Why player penetration isn’t as important as you might think

by Neil Middleton 12:05 pm Wednesday, 12 November 2008.

Something we come across a lot when we’re talking about Rich Internet Applications is the questions regarding player penetration, i.e how many people have player X installed (Adobe’s Flash vs. Microsoft’s Silverlight), as it’s generally seen as the primary measure for how easy to “see” an application will be.

However, something we’re also seeing is that the players are currently suited to different areas, Flash being very good for the public sites (video being No 1) and Silverlight being very good for Intranet based applications where Microsoft technology is used as the back end.

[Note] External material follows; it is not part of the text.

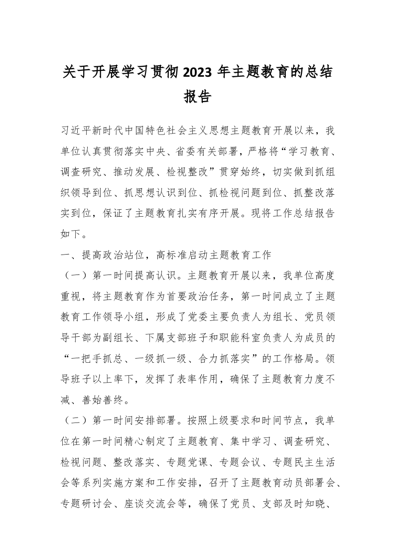 / 关于开展学习贯彻2023年主题教育的总结报告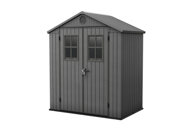 Starkes, haltbares und attraktives Gerätehaus. Aus unserem exklusiven Evotech-Material hergestellt, bietet dieses Gerätehaus das Aussehen und die Haptik von Holz, ohne dass Du es pflegen musst – es wird niemals verrotten, abblättern, rissig werden oder verblassen. Du wirst erstaunt sein über die vielen Funktionen, die wir in ein Gerät eingebaut haben, das so schnell aufgebaut werden kann. Die doppelwandige Nut-und-Feder-Konstruktion sorgt für Stabilität, Lüftungsöffnungen für die Luftzirkulation, ein Dachfenster und Fenster für die Innenbeleuchtung, Doppeltüren für einen einfachen Zugang zu den Dingen, die Du lagern möchtest, und das alles in einem Schuppen, in dem Deine Werkzeuge und andere Dinge sicher und geschützt sind.

So, with player penetration it’s worth considering the following:  Is the player penetration at all important when you are looking at an intranet application with a closed user audience?  Do you need to worry about the percentage of the internet that has your runtime installed if you can go round and install it on all your users machines for them anyway?

Not really.

This raises another interesting thing, which is that of internal approval.  We are now finding that for those environments where neither Flash (in a new enough version) or Silverlight are present, companies are generally more willing to take on Silverlight due to the vendor - it’s a product that comes from a company they already have a relationship with, and also one that can be pushed out via Windows Update and the like.  It’s a sys-admins dream come true.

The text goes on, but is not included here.